Quantitative anaylsis of cl- ion is often performed by a titration with silver nitrate, using sodium chromate as an indicator. As standardized AgNo3 is addded, both white AgCl and red Ag2CrO4 precipitate, but so long as some cl- remains, the Ag2CrO4 dissovles as the mixgture is stirred, When the red color is permanent, the equivalence point has been reached.
a) calculate the equilibrium constant for the reaction:
2AgCl +CrO4=Ag2CrO4 +2Cl-
b)if 36.00cm^3 of 0.2200 m NaCl is mixed with 36.00cm^3 of 0.2200 m AgNO3, what is the concentration of Ag remaining in the solution?
For a), use Hess' Law.
AgCl(s) ==> Ag^+ + Cl^-
Ag2CrO4(s) ==> 2Ag^+ + CrO4^-2
b)Since these are equal amounts of NaCl and AgNO3, this will be a saturated solution of AgCl(s) and the solubility is governed by the Ksp for AgCl.
AgCl ==> Ag^+ + Cl^-
Ksp = (Ag^+)(Cl^-)
Set up an ICE chart and solve for Ag^+/
Post your work if you get stuck.
i don't understand how and why you use Hess's law to find the equilbiruim constant
I will number the equations.
1) AgCl --> Ag^+ + Cl^- Ksp = ??
2)Ag2CrO4 ==> 2Ag^+ + CrO4^-2 Ksp = ??
Technically, I may not have named it right.
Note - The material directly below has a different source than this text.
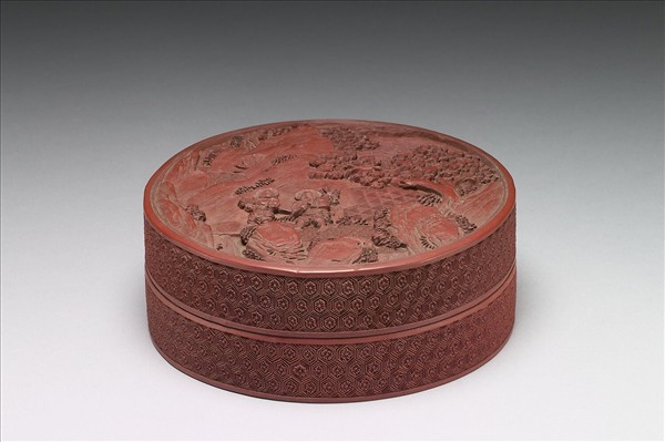 似木胎,盒作圓形。口壁垂直,矮壁,平底。漆為紅色,蓋面雕人物山水。有樵者二人,年少者雙手捧物行於前,年長者負薪於後,羣峯縱橫,水面平靜,襯以山花芳草,雜樹流雲;並飾回紋、水波、古錢等錦地。蓋、器周壁,均滿雕朵花錦地。盒底及器裏均漆黑光。

Perhaps I should have said in a Hess' Law process.
Multilply equation 1 by 2 (which will make Ksp for AgCl squared.
Reverse equation 2 (which will mean the reciprocal of Ksp for Ag2CrO4. Then add the resulting two equations to obtain the equation the questions asks for, then Keq (what the problem wants) will be K^2(AgCl)*(1/K(Ag2CrO4).
i got part a right but i tried part b and i got an answer of 1.34 x 10^-5 but it was wrong
a) To calculate the equilibrium constant for the reaction, you need to use the balanced chemical equation:
2AgCl + CrO4^2- = Ag2CrO4 + 2Cl-
The equilibrium constant expression for this reaction is:
Kc = [Ag2CrO4][Cl-]^2 / [AgCl]^2[CrO4^2-]
We can determine the equilibrium constant by using the concentrations at a specific point during the titration. At the equivalence point, the concentration of AgCl is zero since all of it has reacted. Therefore, the equilibrium constant expression simplifies to:
Kc = [Ag2CrO4][Cl-]^2
b) To calculate the concentration of Ag remaining in the solution, we need to use the stoichiometry of the reaction and the volumes and concentrations of the reactants.
Given:
Volume of NaCl solution (V1) = 36.00 cm^3
Concentration of NaCl solution (C1) = 0.2200 M
Volume of AgNO3 solution (V2) = 36.00 cm^3
Concentration of AgNO3 solution (C2) = 0.2200 M
First, we need to determine the number of moles of Cl- present in the NaCl solution. Using the formula:
moles of Cl- = concentration of NaCl × volume of NaCl solution
moles of Cl- = 0.2200 M × 0.03600 L
moles of Cl- = 0.00792 mol
Since the stoichiometry of the reaction is 2 moles of Cl- : 1 mole of Ag, the number of moles of Ag consumed is half the number of moles of Cl-:
moles of Ag consumed = 0.00792 mol / 2
moles of Ag consumed = 0.00396 mol
Now, we need to determine the final volume of the solution after mixing:
Final volume (Vf) = V1 + V2
Final volume (Vf) = 36.00 cm^3 + 36.00 cm^3
Final volume (Vf) = 72.00 cm^3
Next, we can calculate the concentration of Ag remaining in the solution using the formula:
concentration of Ag remaining = moles of Ag remaining / final volume
moles of Ag remaining = moles of Ag initially - moles of Ag consumed
moles of Ag remaining = (C2 × V2) - moles of Ag consumed
moles of Ag remaining = (0.2200 M × 0.03600 L) - 0.00396 mol
moles of Ag remaining = 0.00792 mol - 0.00396 mol
moles of Ag remaining = 0.00396 mol
concentration of Ag remaining = 0.00396 mol / 0.07200 L
concentration of Ag remaining = 0.055 M
Therefore, the concentration of Ag remaining in the solution is 0.055 M.